In the extras Cronenberg mentions that after making Stereo and Crimes of the Future, before joining Cinepix to make Shivers, he had to decide if he was going to wholeheartedly pursue filmmaking – “I gave up the idea of being a novelist.” Forty-five years later he’d return to that idea for the great Consumed.

Carrie Rickey for Criterion:

The Brood was released the same year as another film about a custody dispute, Kramer vs. Kramer, which subsequently took the Oscar for best picture. In 1979, Cronenberg, himself recovering from a difficult divorce and custody contest, noted of his most personal film, “The Brood is my version of Kramer vs. Kramer, but more realistic.” Originally, I thought he was joking.

A grim movie about the two kinds of people in this world: the horrible and the miserable. Our horrible lead is Min-chul, an aggressively foul drunk introduced returning home from prison and unrepentantly stealing his daughter’s college money. Seeking revenge against a businessman who sucker-punches him in a bar, Min-chul discovers that the businessman is building a fake Christian-cult led by patsy rapist Pastor Sung. Getting no help from the cops, Min-chul, who hates nothing more than he hates fakes, sets out to destroy it himself, burning down buildings and getting in bloody fights, finally coming home victorious to his suicided daughter.

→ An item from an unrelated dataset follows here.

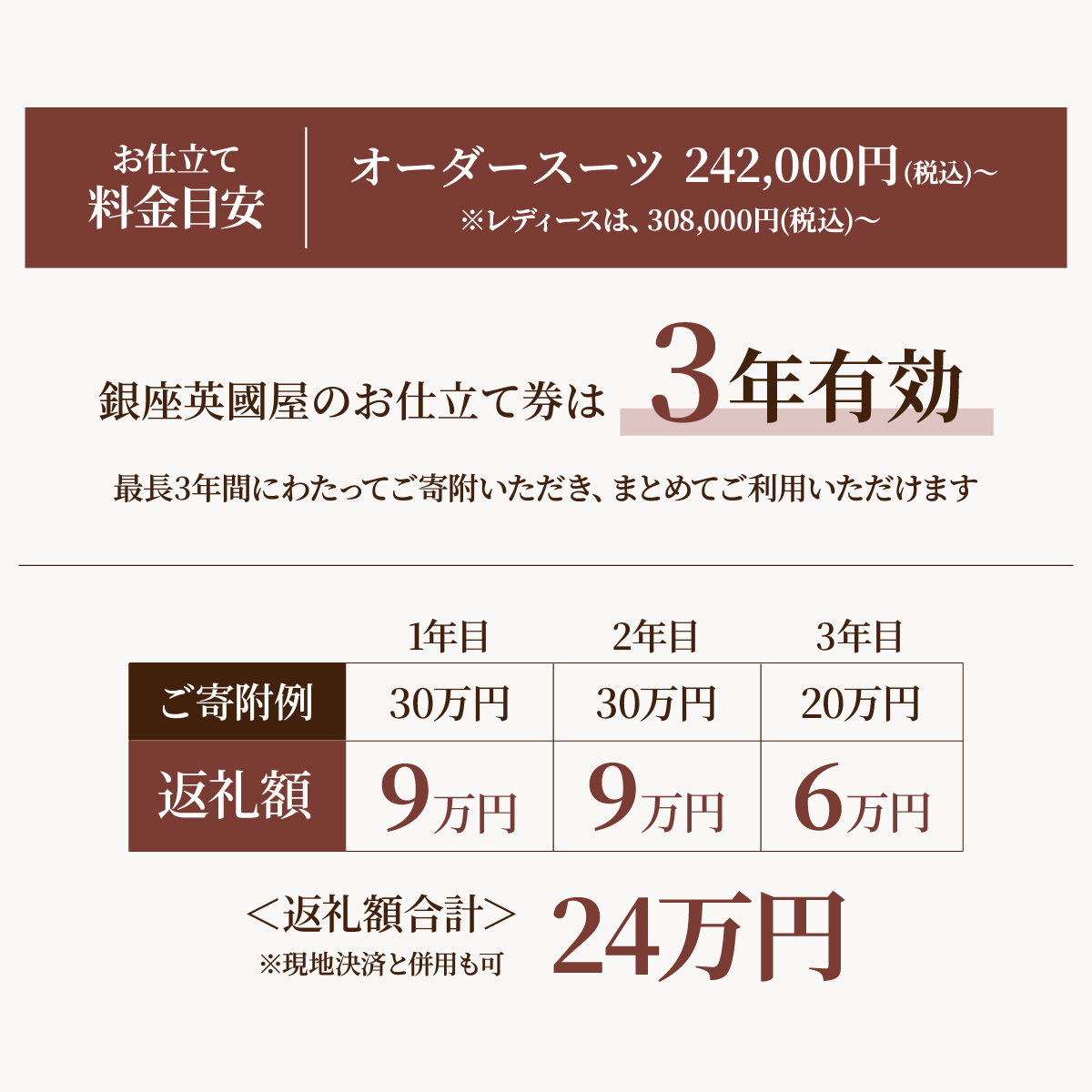 ●銀座英國屋のメンズ・レディースのオーダー商品のご購入時に充当できる補助券をお送りします。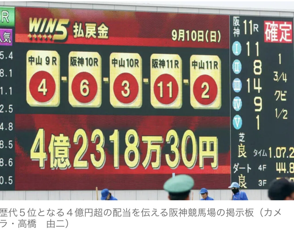 1: タロー ★ 2023/09/10(日) 16:41:17.84 ID:??? TID:taro JRAが発売した9月10日のWIN5で、歴代5番目の高額配当となる4億2318万30円の配当が飛び出した。的中はわずか1票。1億円超えは2023年7月23日の2億1884万7050... -

For some reason, this story is told through Adult-Swim-looking animation, like Metalocalypse with less blood and worse music. The low framerate gives a marionette, videogame quality, damaging the movie’s illusion.

Why did I watch this? Can’t find reviews by any critics I follow, but somehow it ened up on my must-see list. Yeon has two zombie-virus train movies out this year: an animated feature and its live-action sequel Train to Busan (which opened last week at Cannes, earning Snowpiercer comparisons and a positive review from Twitch).